What this task involves →
The required output is every line from the one containing "L'évolution du nombre" through the last line of the listing below, copied exactly, pictures excluded.

---- Stored data

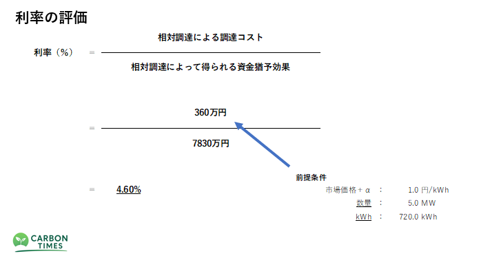 その前提をもとに計算を行うと、利率は4.60%となります。
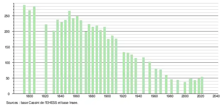 L'évolution du nombre d'habitants est connue à travers les recensements de la population effectués dans la commune depuis 1793. Pour les communes de moins de 10 000 habitants, une enquête de recensement portant sur toute la population est réalisée tous les cinq ans, les populations légales des années intermédiaires étant quant à elles estimées par interpolation ou extrapolation[19]. Pour la commune, le premier recensement exhaustif entrant dans le cadre du nouveau dispositif a été réalisé en 2007[20].
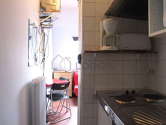 Questo appartamento dispone di una cucina con della coccio al suolo e tutto l'equipaggiamento essenziale per la vita quotidiana : piani di cottura, frigorifero, forno microonde, congelatore, cappa di aspirazione, tostapane, bollitore elettrico, caffettiera, armadio, stoviglie.

--------

Exercise output →
 L'évolution du nombre d'habitants est connue à travers les recensements de la population effectués dans la commune depuis 1793. Pour les communes de moins de 10 000 habitants, une enquête de recensement portant sur toute la population est réalisée tous les cinq ans, les populations légales des années intermédiaires étant quant à elles estimées par interpolation ou extrapolation[19]. Pour la commune, le premier recensement exhaustif entrant dans le cadre du nouveau dispositif a été réalisé en 2007[20].
 Questo appartamento dispone di una cucina con della coccio al suolo e tutto l'equipaggiamento essenziale per la vita quotidiana : piani di cottura, frigorifero, forno microonde, congelatore, cappa di aspirazione, tostapane, bollitore elettrico, caffettiera, armadio, stoviglie.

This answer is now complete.